--- Material provided ---

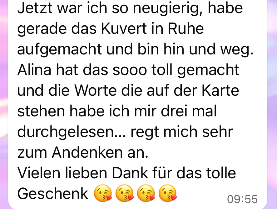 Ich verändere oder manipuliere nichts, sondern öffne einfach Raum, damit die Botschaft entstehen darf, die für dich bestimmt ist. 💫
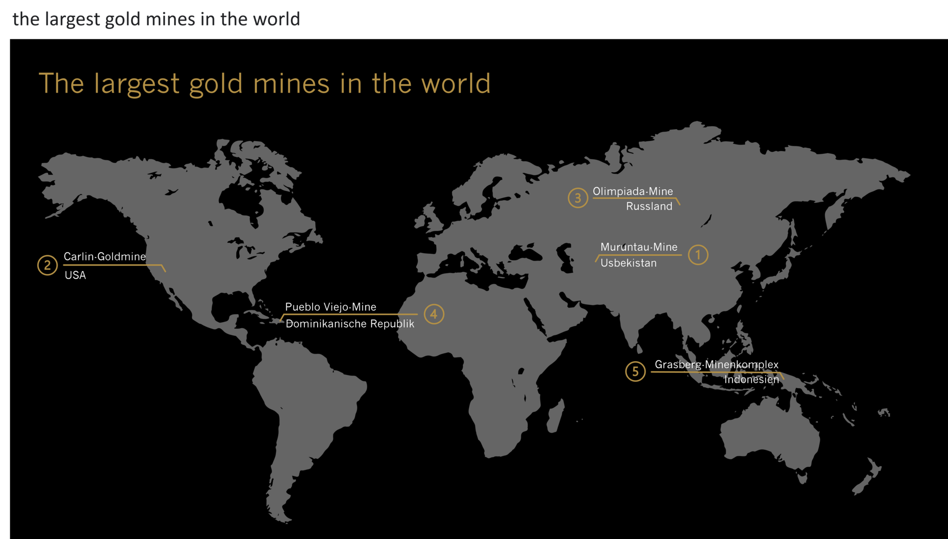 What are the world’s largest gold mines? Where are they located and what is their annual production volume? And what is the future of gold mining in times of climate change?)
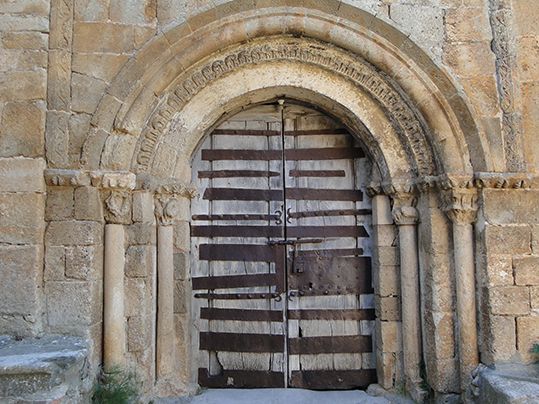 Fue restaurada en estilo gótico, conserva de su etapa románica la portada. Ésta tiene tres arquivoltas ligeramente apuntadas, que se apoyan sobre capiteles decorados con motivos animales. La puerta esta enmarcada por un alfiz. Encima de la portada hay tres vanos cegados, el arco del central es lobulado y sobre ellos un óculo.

---
--- Material provided ---

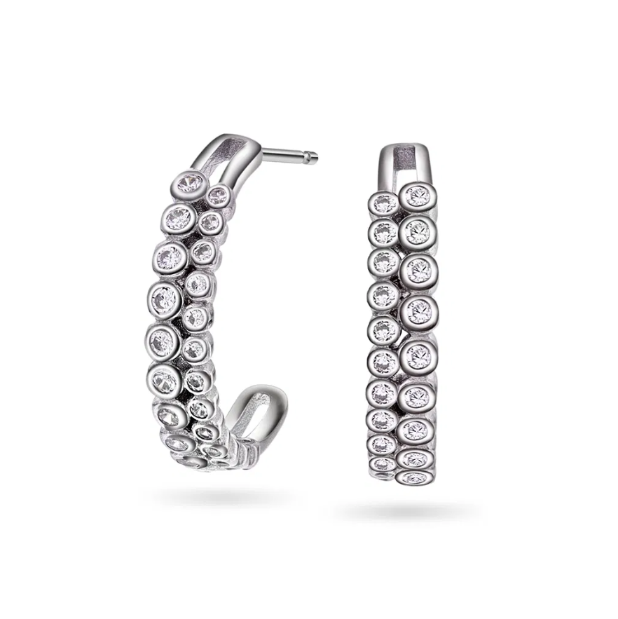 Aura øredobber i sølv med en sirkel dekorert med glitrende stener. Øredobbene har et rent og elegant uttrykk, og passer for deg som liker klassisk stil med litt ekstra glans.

---
--- Material provided ---

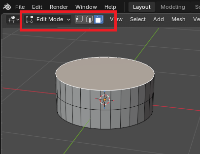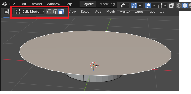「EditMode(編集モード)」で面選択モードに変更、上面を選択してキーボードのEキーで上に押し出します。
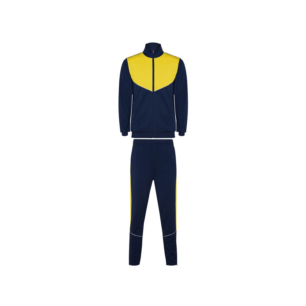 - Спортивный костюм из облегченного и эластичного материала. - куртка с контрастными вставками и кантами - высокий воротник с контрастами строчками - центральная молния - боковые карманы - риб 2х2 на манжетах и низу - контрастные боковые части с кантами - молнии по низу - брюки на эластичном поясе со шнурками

---

▶ What you should do
For the material above, give again only the lines starting at the line that contains "What are the" and ending at the line that contains "Fue restaurada en". Pictures do not belong in the copy.

▶ Task solution
 What are the world’s largest gold mines? Where are they located and what is their annual production volume? And what is the future of gold mining in times of climate change?)
 Fue restaurada en estilo gótico, conserva de su etapa románica la portada. Ésta tiene tres arquivoltas ligeramente apuntadas, que se apoyan sobre capiteles decorados con motivos animales. La puerta esta enmarcada por un alfiz. Encima de la portada hay tres vanos cegados, el arco del central es lobulado y sobre ellos un óculo.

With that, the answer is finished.